Data excerpt:

=== Section Start ===

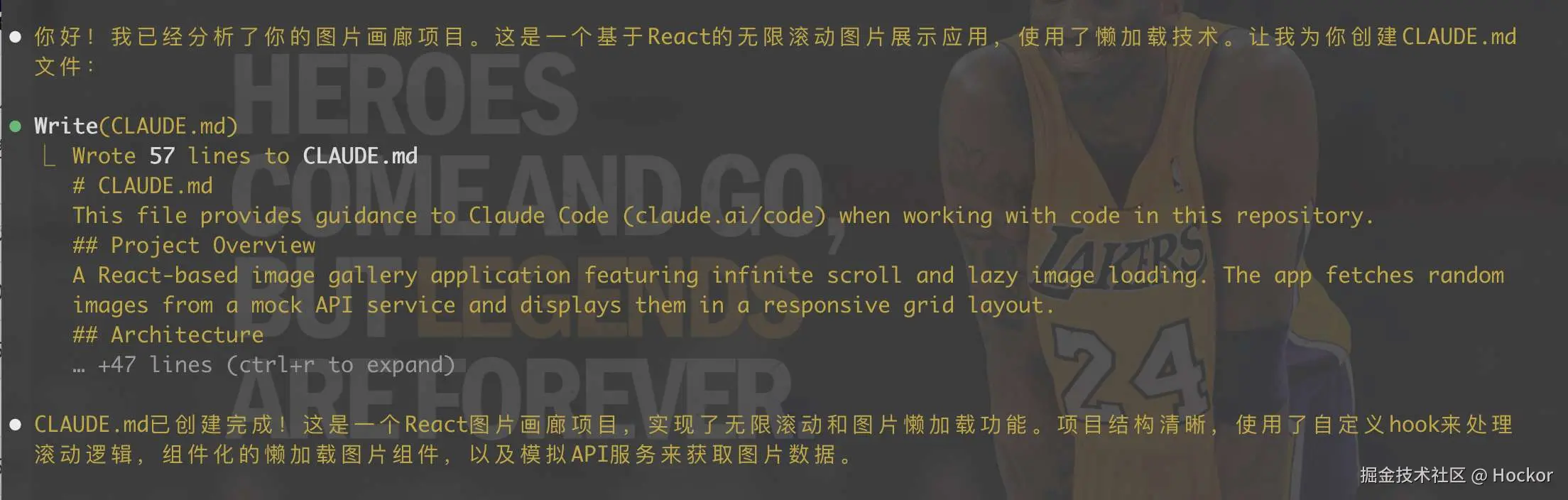 接下来咱们就可以开始用 K2 在 Claude Code 里面编程了,比如我们先调用 /init生成CLAUDE.md文件
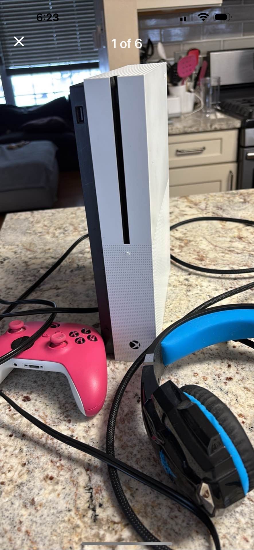 Microsoft Xbox One S (500GB) Gaming Console - White. Model 1681. Features: 4K Ultra HD Blu-ray and 4K video streaming. Also has headset and pink controller
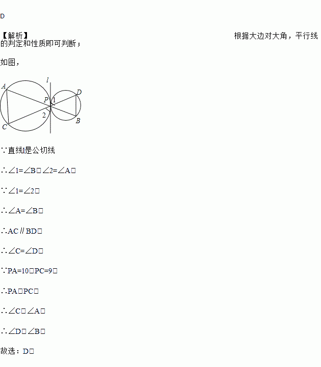 如图,两圆外切于P点,且通过P点的公切线为L,过P点作两直线,两直线与两圆的交点为A、B、C、D,其位置如图所示,若AP=10,CP=9,则下列角度关系何者正确?( )
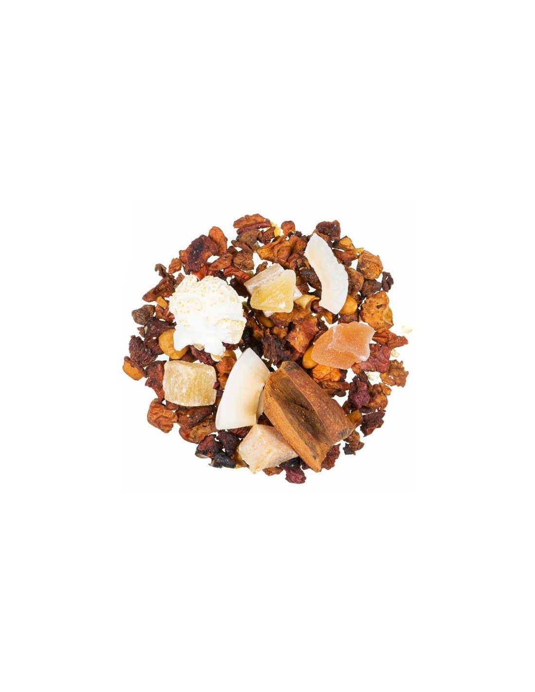 Al gusto di Pan di zenzero. Ingredienti: mela (mela, acidificante: acido citrico), ananas candito (ananas, zucchero), papaya candita (papaya, zucchero), barbabietole, bastoncini di cannella, aromi, uvetta, scaglie di cocco (cocco, zucchero), mandorle tostate (mandorle, zucchero caramellato) (2%), popcorn (mais, olio di colza). Senza ibisco.

=== Section End ===

What to work on:
Give again, word for word, only the lines that run from the top of the data above through the line with "如图,两圆外切于P点,且通过". Drop the pictures.

Result of the exercise:
 接下来咱们就可以开始用 K2 在 Claude Code 里面编程了,比如我们先调用 /init生成CLAUDE.md文件
 Microsoft Xbox One S (500GB) Gaming Console - White. Model 1681. Features: 4K Ultra HD Blu-ray and 4K video streaming. Also has headset and pink controller
 如图,两圆外切于P点,且通过P点的公切线为L,过P点作两直线,两直线与两圆的交点为A、B、C、D,其位置如图所示,若AP=10,CP=9,则下列角度关系何者正确?( )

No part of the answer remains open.